▶ _Record excerpts_:

########

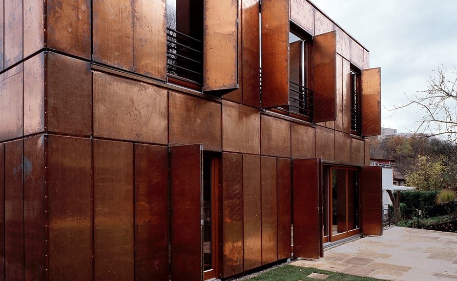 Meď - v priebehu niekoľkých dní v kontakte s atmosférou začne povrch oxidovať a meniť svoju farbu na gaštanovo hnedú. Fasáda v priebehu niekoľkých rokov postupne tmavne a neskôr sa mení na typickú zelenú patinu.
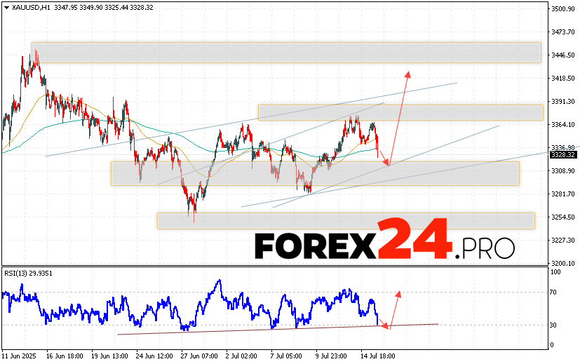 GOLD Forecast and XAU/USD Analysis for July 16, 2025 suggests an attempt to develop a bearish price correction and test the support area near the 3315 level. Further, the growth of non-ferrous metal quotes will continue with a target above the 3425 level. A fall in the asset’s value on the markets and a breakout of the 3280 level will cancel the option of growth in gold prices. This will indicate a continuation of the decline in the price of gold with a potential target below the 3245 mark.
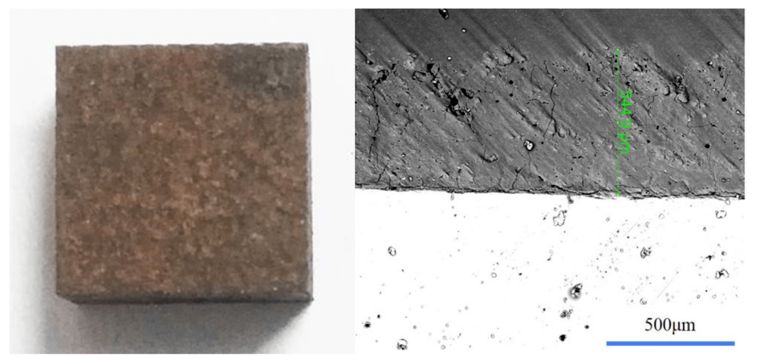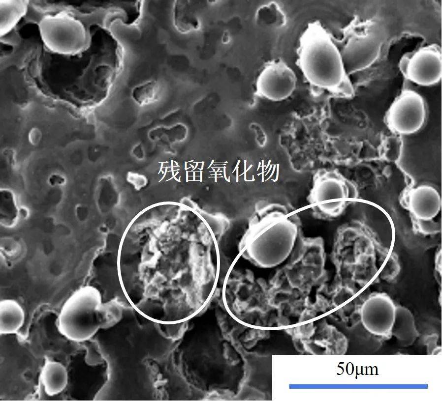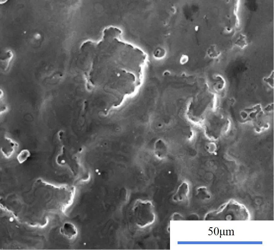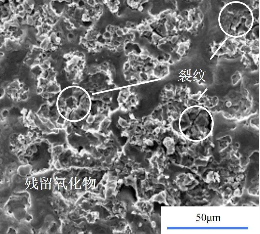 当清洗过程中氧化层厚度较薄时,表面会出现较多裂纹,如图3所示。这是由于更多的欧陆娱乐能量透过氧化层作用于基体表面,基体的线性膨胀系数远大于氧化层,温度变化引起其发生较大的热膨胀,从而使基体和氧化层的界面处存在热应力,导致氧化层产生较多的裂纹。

########

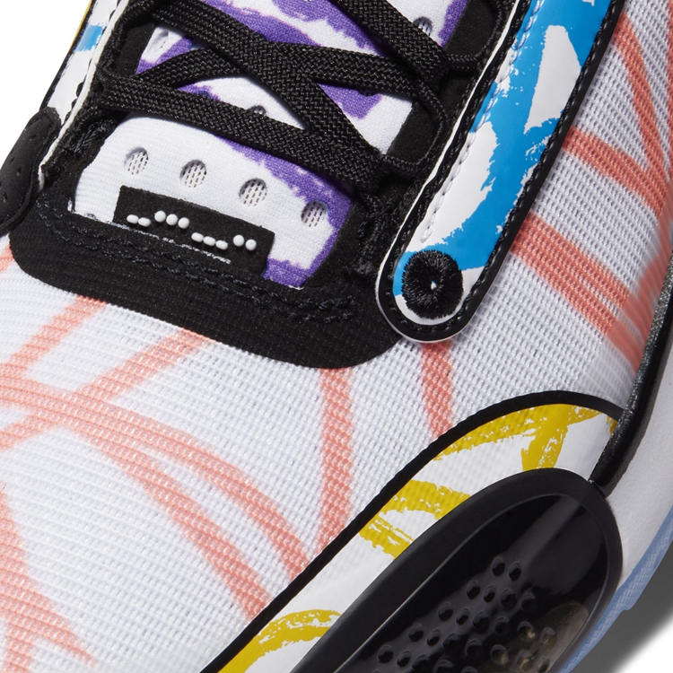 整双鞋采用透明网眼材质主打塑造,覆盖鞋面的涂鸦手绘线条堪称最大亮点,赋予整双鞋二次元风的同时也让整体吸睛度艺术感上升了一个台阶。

########

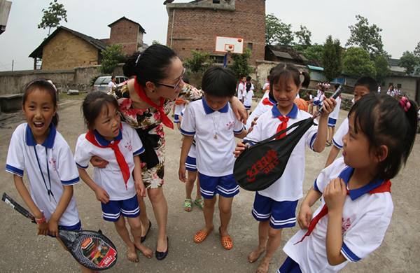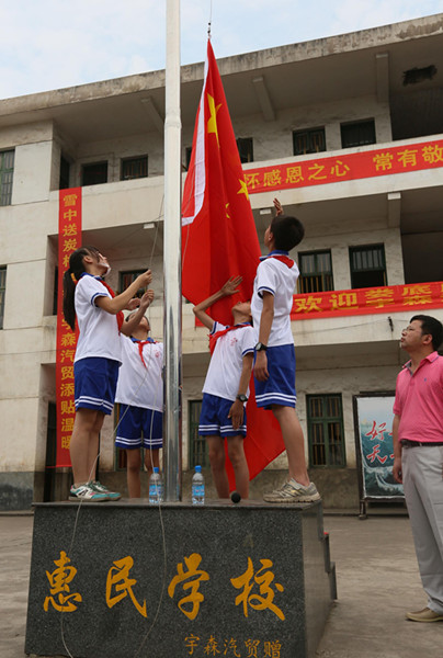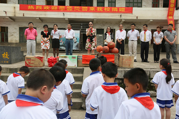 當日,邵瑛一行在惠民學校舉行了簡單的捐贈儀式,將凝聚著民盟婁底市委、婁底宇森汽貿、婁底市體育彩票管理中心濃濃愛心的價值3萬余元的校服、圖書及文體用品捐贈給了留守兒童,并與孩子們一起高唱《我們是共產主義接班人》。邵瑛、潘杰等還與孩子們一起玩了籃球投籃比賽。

########

▶ _Description of the task_:
From the records above, transcribe only the stretch from the line with "Meď - v priebehu" through the line with "当清洗过程中氧化层厚度较薄时", keeping both ends. Omit pictures.

▶ _Output for this exercise_:
 Meď - v priebehu niekoľkých dní v kontakte s atmosférou začne povrch oxidovať a meniť svoju farbu na gaštanovo hnedú. Fasáda v priebehu niekoľkých rokov postupne tmavne a neskôr sa mení na typickú zelenú patinu.
 GOLD Forecast and XAU/USD Analysis for July 16, 2025 suggests an attempt to develop a bearish price correction and test the support area near the 3315 level. Further, the growth of non-ferrous metal quotes will continue with a target above the 3425 level. A fall in the asset’s value on the markets and a breakout of the 3280 level will cancel the option of growth in gold prices. This will indicate a continuation of the decline in the price of gold with a potential target below the 3245 mark.
 当清洗过程中氧化层厚度较薄时,表面会出现较多裂纹,如图3所示。这是由于更多的欧陆娱乐能量透过氧化层作用于基体表面,基体的线性膨胀系数远大于氧化层,温度变化引起其发生较大的热膨胀,从而使基体和氧化层的界面处存在热应力,导致氧化层产生较多的裂纹。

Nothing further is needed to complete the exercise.